Obviously it’s B.. even though Aristotrap is an amazing song title, it’s Option B.

That’s the thing – we don’t forge personal partnerships. Same thing with folks on Twitter. I’m much more apt to remember an artist who follows me and genuinely introduces themselves, than someone who just @’s my handle and sends me a link without saying hi.

Being a real person online (..and in person..) goes far. I’ve garnered licensing deals with HBO and MTV just by introducing myself to a music supervisor, and having my materials ready.

Same goes for opening slots on tours and some great press write-ups, too. I simple asked and forged real relationships. Talk to people, follow-up with them. Be respectful of their time.. and also their intellect, too.


Establish an ROI & Sales Funnels.

I was recently asked a few questions about investing:

Should I buy onto a Soundcloud playlist?
Should I buy onto a show? 

I answered their question with a question – what’s your ROI – your return on investment.

For every dollar you spend or invest in your career – you need a way to recoup that expense and turn a profit. I never think you should buy onto a performance. I think that perpetuates a toxic culture in the industry – but let’s say you have a chance to perform a few states over, and you have to pay $500 in travel expenses.

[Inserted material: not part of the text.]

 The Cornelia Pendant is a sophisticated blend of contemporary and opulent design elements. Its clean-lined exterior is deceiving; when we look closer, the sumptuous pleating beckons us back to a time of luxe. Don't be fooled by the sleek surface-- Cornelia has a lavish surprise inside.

Before you agree you have to ask myself – will I be breaking even and/or profiting? Am I getting paid enough for it to be worth it? Will I sell enough merch to recoup that $500?

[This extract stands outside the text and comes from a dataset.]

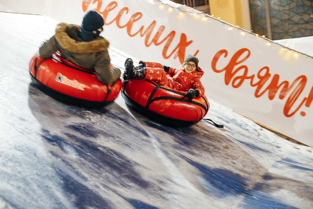 Вспомнить драйв, который чувствуешь в детстве, съезжая с крутого склона на санках, можно в зоне тюбинговых горок. К тому же спуск на надувных тюбах значительно мягче, а искусственное покрытие, которое здесь используют вместо снега, дает действительно мощное ускорение. На ВДНГ традиционно работают две горки — для детей (высота 4 метра) и для взрослых (высота 9 метров).
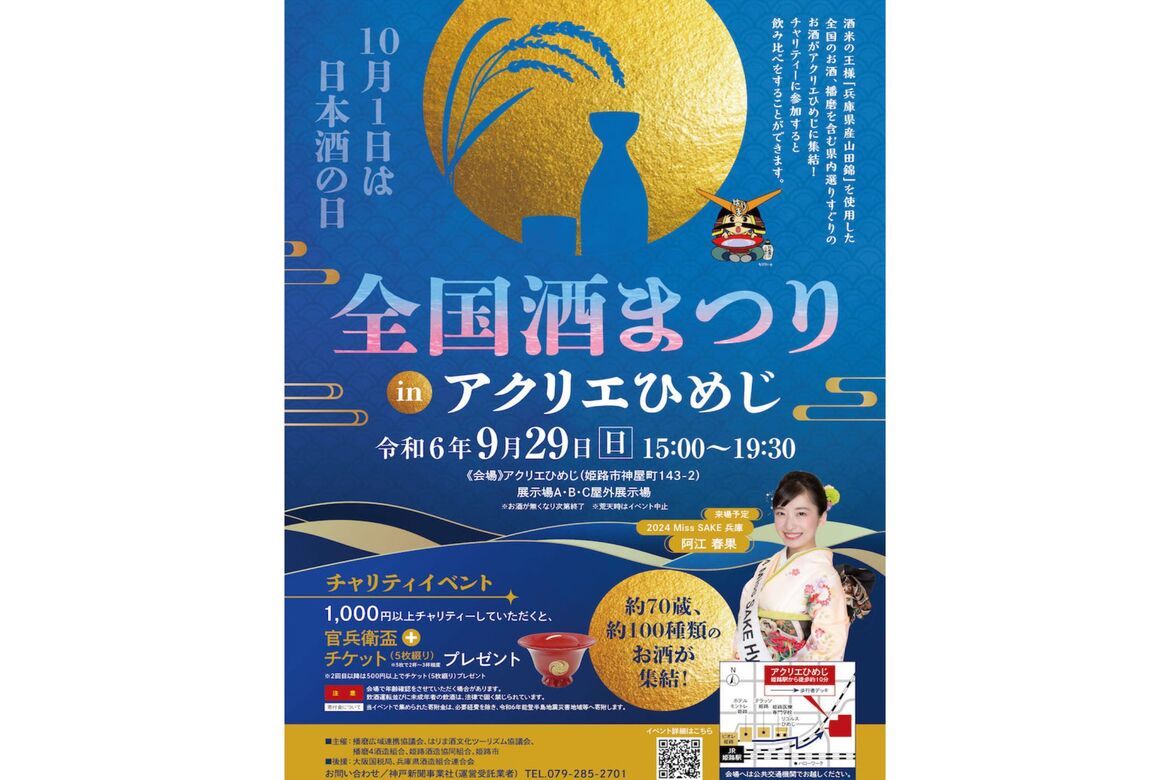 兵庫県姫路市にある「アクリエひめじ展示場」にて、兵庫県産山田錦を使った全国の日本酒と兵庫県播磨地域を含む県内の日本酒が一堂に会する「全国酒まつりinアクリエひめじ」が、2024年9月29日(日)に開催されます。

I think buying onto anything – shows, sketchy blog services – isn’t good. But it’s especially bad if you cannot identify a proper ROI for your work.

The same can be said for sales funnels.

Sales funnels are tactics set-up that should lead to a sale:

For instance:

You tweet a link to a video blog on website >> Your users click are met with a newsletter pop-up >> They sign up and are given a 15% off merch coupon >> They get reminder emails until they use the coupon. This results in a sale.

That’s a very basic sales funnel. We can make this more complicated by introducing Twitter ads, or other automated email tactics, too. However the point is – what’s your sales funnel?

I find that many artist have funnels that are “Tweet about it. Hope someone clicks”. This isn’t a funnel, but instead just crossing your fingers that people will click.

I go into sales funnels extensively in my book which can be found here:

Point is – have a business edge. There’s a difference between having a campaign – and just tweeting about it.

These are just a few quick goals – think about it – meditate on ’em – and keep enjoying being an artist.